Minister for Construction
- In office 24 September 1958 – 7 February 1963
- Chairman of the Council of Ministers: Otto Grotewohl;
- First Deputy: Gerhard Kosel; Wolfgang Junker;
- Preceded by: Heinz Winkler (Reconstruction)
- Succeeded by: Wolfgang Junker

Head of the Economic Policy Department of the Central Committee
- In office 24 July 1950 – 1 April 1952
- Secretary: Willi Stoph;
- Preceded by: Willi Stoph
- Succeeded by: Adalbert Hengst

Member of the Volkskammer
- In office 8 December 1958 – 14 November 1963
- Preceded by: multi-member district
- Succeeded by: multi-member district

Personal details
- Born: Ernst Scholz 19 July 1913 Berlin, Kingdom of Prussia, German Empire (now Germany)
- Died: 26 June 1986 (aged 72) East Berlin, East Germany (now Germany)
- Party: Socialist Unity Party (1946–1986)
- Other political affiliations: Communist Party of Germany (1934–1946)
- Alma mater: Technische Universität Berlin
- Occupation: Politician; Civil Servant; Architect;
- Other offices held 1968–1973: First Deputy Minister, Ministry of Foreign Affairs ;

= Ernst Scholz (politician, born 1913) =

German economist, diplomat and politician (1913–1986)

Ernst Scholz (1913–1986) was a German architect, economist, diplomat and politician who held various posts in East German government. He was the minister of public works and the ambassador of East Germany to the United Arab Republic and to France.

==Early life and education==
Scholz was born in Berlin on 19 July 1913. He attended Technische Hochschule Berlin (now Technische Universität Berlin) studying architecture and urban planning in 1933. The same year he was briefly arrested and after his release from prison, he left Germany for France where he studied at the École Spéciale d'Architecture between 1933 and 1934. Scholz continued his education while serving in the East Germany and studied at the University of Rostock from 1954 to 1956 receiving a degree in economics. In September 1963 he obtained a Ph.D. in economics from the same university.

==Career and activities==
Following his return to Germany Scholz joined the Communist Party of Germany in 1934 and worked as an architect in Berlin from 1934 to 1937. He settled first in Prague and then in Paris before he participated in the Spanish Civil War as part of the 11th International Brigade in 1938. He went to Paris in 1939 and joined the French resistance groups fighting against the Nazi forces. Scholz was made a French citizen after liberation in 1944. He returned to Germany after World War II and served as the head of the agriculture and economic planning in the state government of Brandenburg from August 1945 to 1949. He joined the Socialist Unity Party of Germany in 1946 and became a member of its central committee in 1950.

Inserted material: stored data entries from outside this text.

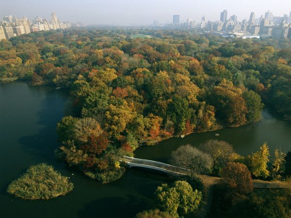 ნიუ-იორკის ცენტრალური პარკის ხედი ზემოდან, პირველი სახალხო პარკი, რომელიც შეერთებულ შტატებში გაიხსნა. მას ყოველწლიურად დაახლოებით 25 მილიონი ადამიანი სტუმრობს, რითაც ერთ-ერთი ყველაზე ხშირად მონახულებადი პარკის სტატუსი აქვს. მისი ფართობია 341 ჰექტარი, სადაც მიედინება 7 მდინარე და გაშენებულია 30 ხიდი და თაღი. ეს ყველაფერი იძლევა სიმშვიდისა და სივრცის შეგრძნებას იმ ქალაქში, რომელსაც არასდროს სძინავს.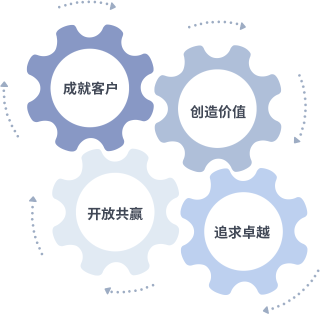 成就客户是一切决策的出发点,创造价值是衡量所有工作的标准,追求卓越是雀魂majsoul做事做人的态度,开放共赢是雀魂majsoul的格局也是最终的结果。价值观的齿轮环环相扣,推动着组织里的每个人不断向前。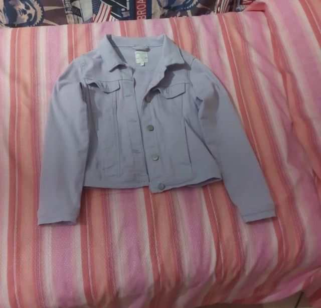 Dettagli del prodottoGiubbino in denim color lilla, perfetto per la primavera o l'estate. Un capo versatile e alla moda.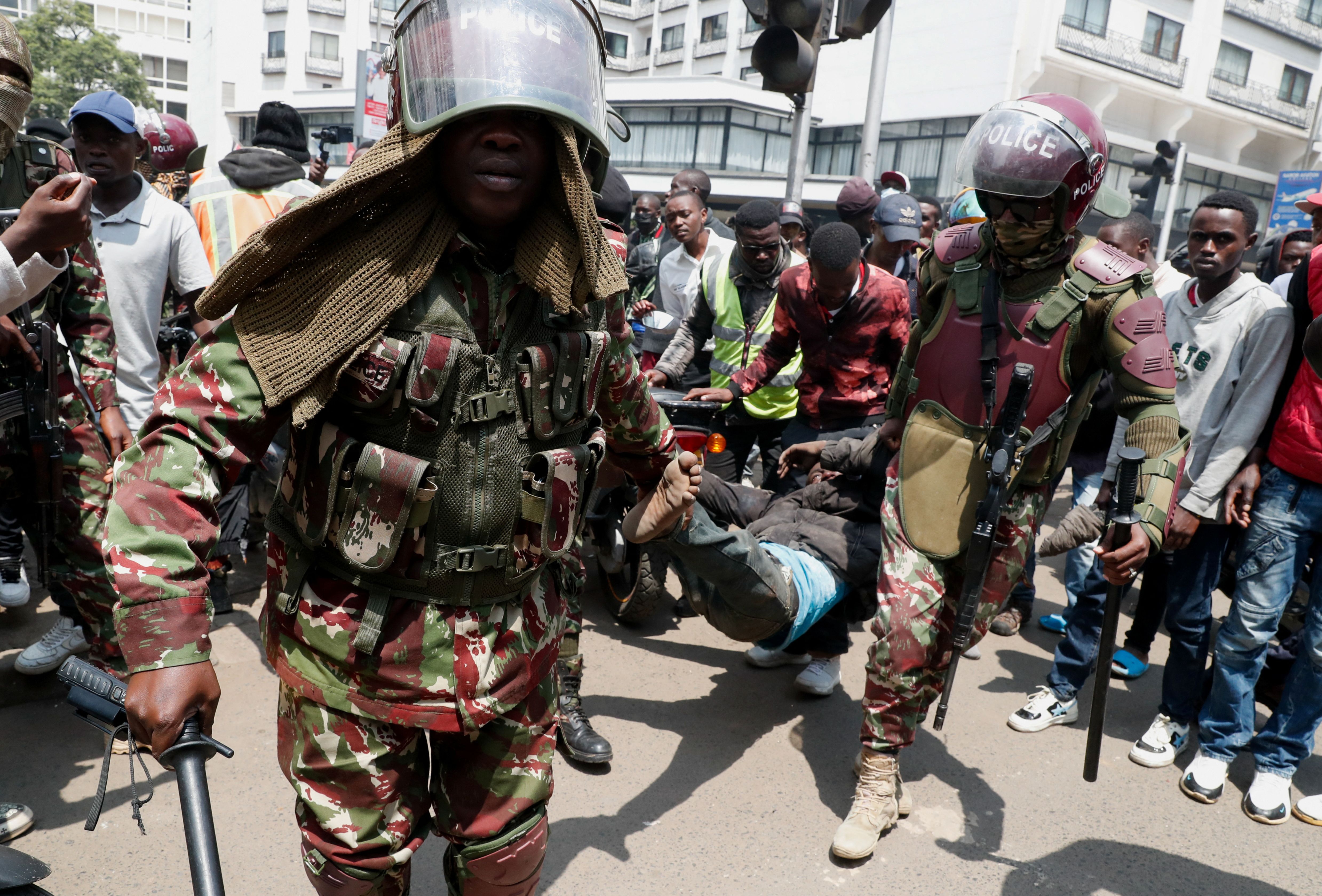 Riot police officers detain a pro-government protester, as they counter an anti-government demonstration following nationwide deadly riots over tax hikes, in Nairobi, Kenya, on July 23, 2024. (Photo by Thomas Mukoya/Reuters)
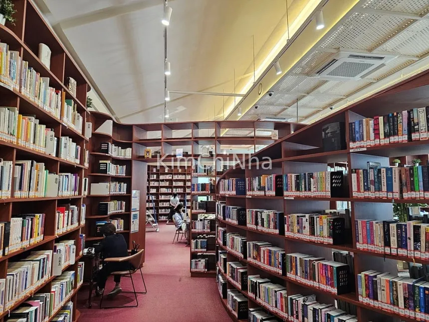 Ngay cạnh khu tưởng niệm là thư viện Son Kee-chung. Không gian ở đây đặc biệt tự do: ghế, bàn, giá sách được bố trí ngẫu hứng. Bạn có thể chọn ngồi trên chiếc ghế gỗ mang dáng dấp cổ điển, hoặc thử cảm giác thư giãn ở chiếc ghế xếp gọn nơi góc phòng. Đây không chỉ là nơi đọc sách mà còn là điểm đến để tìm kiếm sự lắng đọng và cảm hứng sống. Thư viện cũng thường xuyên tổ chức các lớp học văn hóa theo mùa.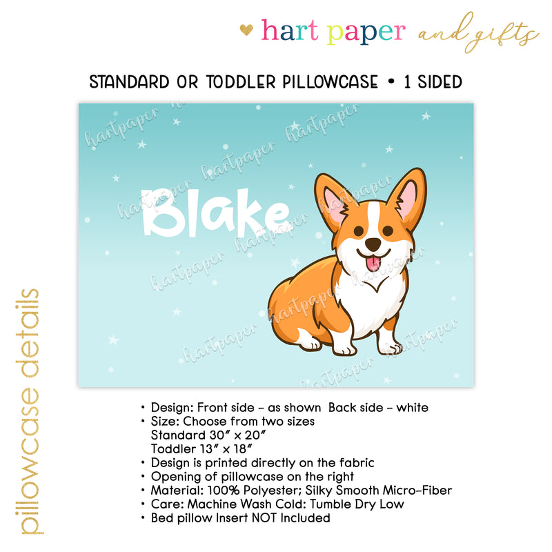 Corgi Dog Personalized Custom Pillowcase • Standard or Toddler Size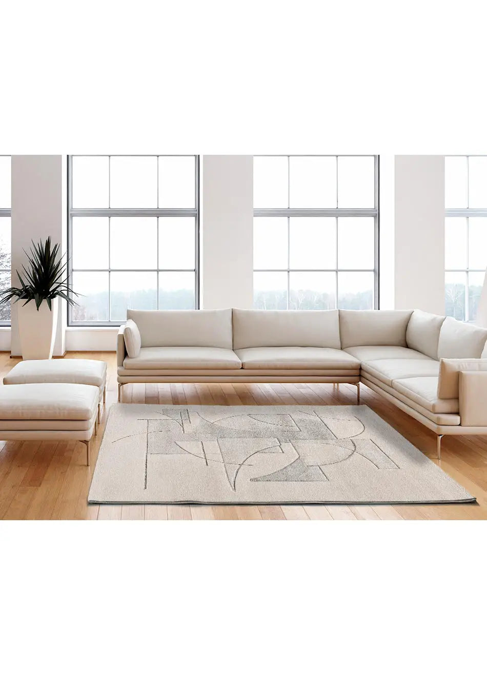 Atticgo Alfombra geométrica a trazos Lena 40313 Crema esquina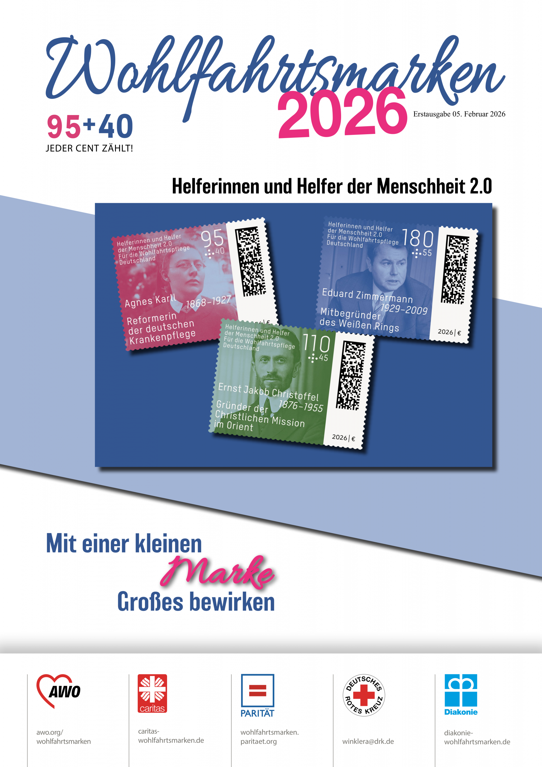 Wohlfahrtsmarken Poster – Helferinnen und Helfer der Menschheit 2.0 2026 – DIN A3 (PDF)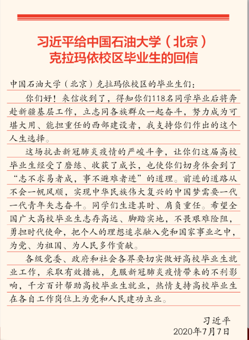 7月7日,习近平总书记给中国石油大学(北京)克拉玛依校区毕业生回信,肯定他们到边疆基层工作的选择,对广大高校毕业生提出殷切期望。在这封专为2020届高校毕业生所写的回信中,习近平总书记勉励广大青年学子志存高远、脚踏实地,不畏艰难险阻,勇担时代使命,把个人的理想追求融入党和国家事业之中,为党、为祖国、为人民多作贡献。回信温暖亲切、催人奋进,在广大青年学子尤其是高校应届毕业生中引发热烈反响。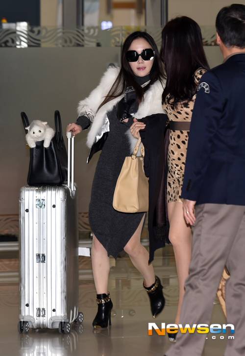 팝아티스트 낸시랭이 배우 민송아와 함께 상하이 미술 전시회 프로모션을 마치고 2월 3일 오후 김포국제공항을 통해 공항패션을 선보이며 상하이에서 귀국했다.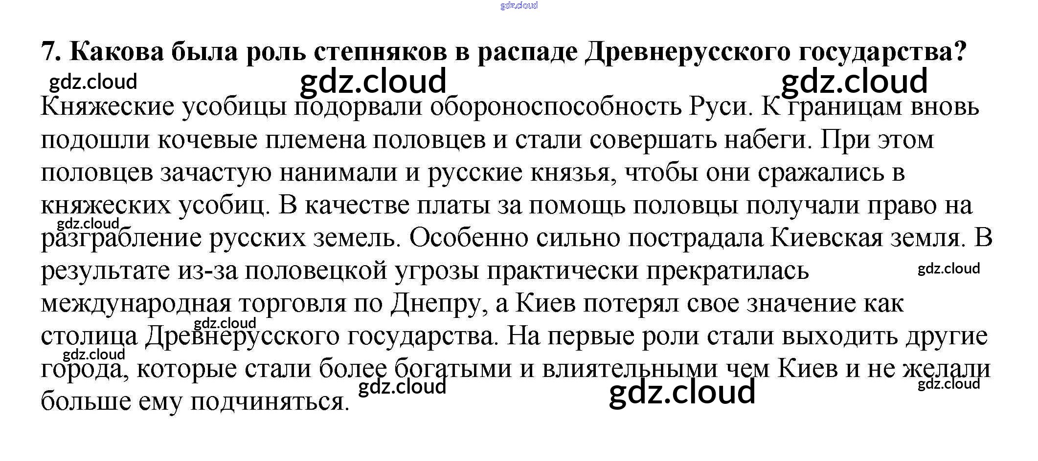 Ответ на задание 7 Учебник История за 6 (шестой) класс Арсентьев, Данилов, Стефанович 2016 Часть 1, 2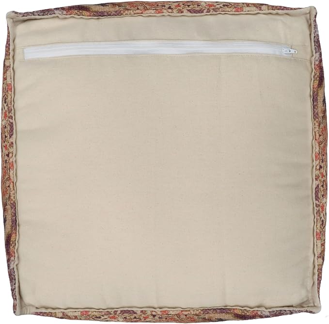 - Design: Expertly made from 100% Cotton by trained artisans, this 17 inch square pouf packs a big punch on many design levels. Its home friendly color palette fits into any design style. The intentionally distressed fabric print gives your home a sense of classic and bohemian presence.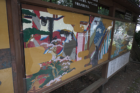美しい絵巻が展示されている。少々顔のデッサンに問題があると思ったら,伊東高校美術部の作とキャプションがあった。高校生だとすればこれはかなりの力作である。八重姫の想いは現代の高校生の心をも動かしたと思われる。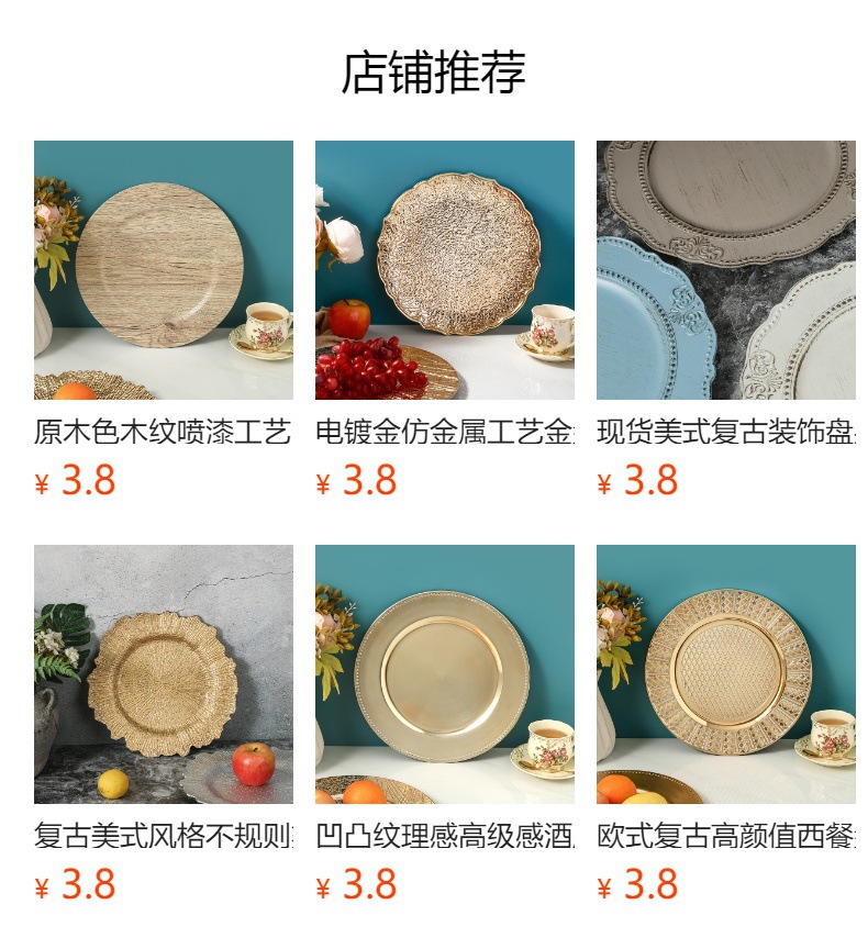 电镀金仿金属工艺pp材质塑料盘装饰婚庆盘欧式charger plate

Scholz was named as the diplomatic representative of East Germany for the Middle East in 1956 which he held until August 1958. During the same period he was also a member of the SED city management in Rostock. He was appointed minister of public works in August 1958, and his tenure ended in February 1963 when he was succeeded by Heinz Winkler in the post. One of the significant events during Scholz's term as minister of public works was the erection of the Berlin Wall for which he met with several figures from the Eastern Block countries in 1961, including the Yugoslav leader Josip Tito, to get their support.

Scholz was a member of the Volkskammer, East German Parliament, in the period between 1958 and 1963. He was appointed ambassador of East Germany to the United Arab Republic in 1963, replacing Wolfgang Kiesewetter in the post. Scholz remained in office until 1968 when he was named as the deputy minister for foreign affairs. He was the state secretary and first deputy minister between 1969 and 1974. Scholz was the ambassador of East Germany to France from March 1974 to July 1976, being the first East German official to hold the post. Scholz was succeeded by Werner Fleck as East German ambassador to France.

==Personal life and death==
Scholz was married to Irmgard Scholz. He died in East Berlin on 12 June 1986.

===Awards===
Scholz was the recipient of the medal for fighters against the Fascists (1958), the Banner of Labor (1965), Patriotic Order of Merit (1973) and the Order of Karl Marx (1976). During his diplomatic post in the United Arab Republic in the 1960s he was also awarded the Order of the Republic.